PCR products of penicillin binding proteins pbp1a, pbp2 and pbp3 of resistant isolates were generated (see primer listed in Table 1) and transformed into the sensitive H. pylori strain P12 by natural transformation, as described previously[50]. H. pylori transformants were selected on serum agar plates containing 1 mg/L amoxicillin (Sigma-Aldrich). Clones were frozen in brucella broth containing 20% glycerol and 10% FCS, stored at −80 °C and plated again on GC agar plates containing 1 mg/L amoxicillin.

Growth curves

MIC values of clones were evaluated using growth curve assays, as described earlier[51]. H. pylori were diluted to an OD550 0.075 and subcultured in 96-well microtiter plates (clear, flat-bottom, Costar, Corning Inc.), which were then sealed with a gas-permeable membrane (Breathe-Easy sealing membrane, Diversified Biotech). Plates were incubated at 37 °C under microaerobic conditions (while shaking) in the Clariostar plate reader (BMG Labtech). Optical density was automatically monitored and measured every five minutes. Growth curves were analyzed and processed with MARS Data Analysis software 3.10 R5 (BMG Labtech). Percental growth was expressed as [(ΔODsample/ΔODcontrol) x 100], while ΔOD corresponded to “ODstationary phase − ODlag phase”.

Nitrocefin tests

A Nitrocefin test was used to evaluate for β-lactamase activity. Nitrocefin is a chromogenic cephalosporin, with a β-lactam ring. Upon oxidation by β-lactamase color is rendered from yellow to red. Nitrocefin disks for rapid detection of β-lactamase enzymes were purchased from Sigma and used as suggested by the manufacturer. Briefly, disks were allowed to equilibrate to room temperature and were humidified with 10 µl of H2Obidest. Single colonies were streaked directly from GC agar plates on the discs and incubated for 20 minutes to observe a color change from yellow to red. H. pylori P12[TEM-1-CagA][51] served as positive control and E. coli DH5α as negative control.

Histology

Biopsies were fixed in 4% buffered formalin at the study sites and sent to Munich.
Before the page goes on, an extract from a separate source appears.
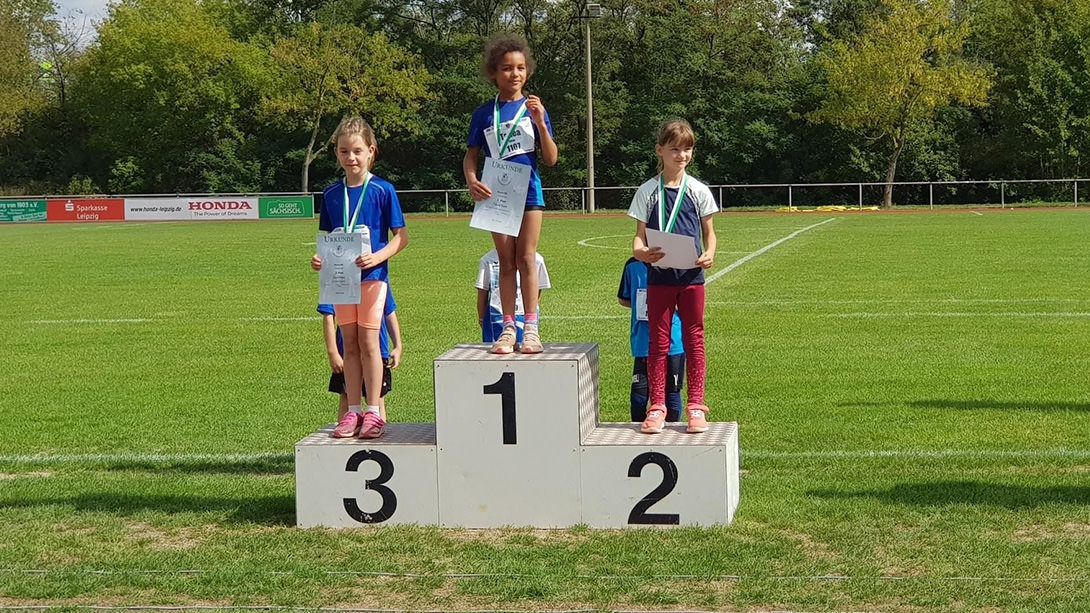 Am Samstag, dem 09.09.22 fand in Markleeberg das 31. Sportfest der TSG Markleeberg statt. Bei schönstem sonnigem Wetter traten unsere Sportler der U10 zum Dreikampf an. Niklas Plomin setzte sich in der M9 mit unglaublichen 999 Punkten (50m Sprint: 8,02s; Weitsprung: 3,97m; Weitwurf: 32,20m) durch und belegte mit weitem Abstand zu seinen Mitstreitern Platz 1 . Doch auch Sam Kausch zeigte sich in Markleeberg von seiner stärksten Seite und behauptete sich mit dem 1. Platz in seiner Altersklasse der M6. Auch Tim Fabian mit Platz 2 (M8) sowie Henry Köttnitz mit Platz 2 (M9) behaupteten sich und zeigten ihr Können. Aber auch die Leistungen der Mädchen können nicht unerwähnt bleiben. Somit erreichte zum Beispiel Tabea Edao mit 621 Punkten (50m Sprint: 9,42s; Weitsprung: 2,60m; Weitwurf: 9,50m) und großen Abstand zu ihren Mitstreiterinnen den 1. Platz in der W6. Doch auch die älteren Mädels, wie Louisa Böhme mit Platz 3 (W7), Nora Grimmer mit Platz 2 (W8), Mareike Hähnel mit Platz 3 (W8) und Mila Burnett mit Platz 3 (W9) zeigten am Samstag wie viel in ihnen steckt und behaupteten sich in ihren Altersklassen.

Hematoxylin and eosin stained longitudinal paraffin sections of antrum and corpus (one section per location) were graded according to the updated Sydney System[52] by pathologists in Munich on the intensity of inflammation, metaplasia, and presence of gastric mucosa associated lymphoid tissue (MALT), as well as the presence and occurrence of atrophies, metaplasia, dysplasia, cancer, erosion and ulcers.

Ethics

The study was reviewed and approved by the Ethics Committee of the Nigerian Institute of Medical Research (registration number IORG0002656), as well as the Ethical Committee of the Chris Hani Baragwanath Academic Hospital (CHBAH) Soweto Johannesburg (registration number M160228), the University of Fort Hare Alice Eastern Cape South Africa (registration number Rec-270710-028-RA level 01) and the Ludwig-Maximilians-University Munich (registration number 335-08). The study was conducted in line with the Declaration of Helsinki and informed consent was obtained from all study participants.

Statistical methods

Interrelations between clinical, pathologic, and laboratory findings were investigated bivariately using chi-squared or fishers exact tests (frequencies less than 5 for a statistical event)[22]. Due to the exploratory character of these analyses, all tests were performed on an alpha level of 5% without any correction for multiple testing. P-values depicted in this manuscript value: *p < 0.05, **p < 0.01, ***p < 0.001. All analyses were done with R: A Language and Environment for Statistical (Vienna, Austria).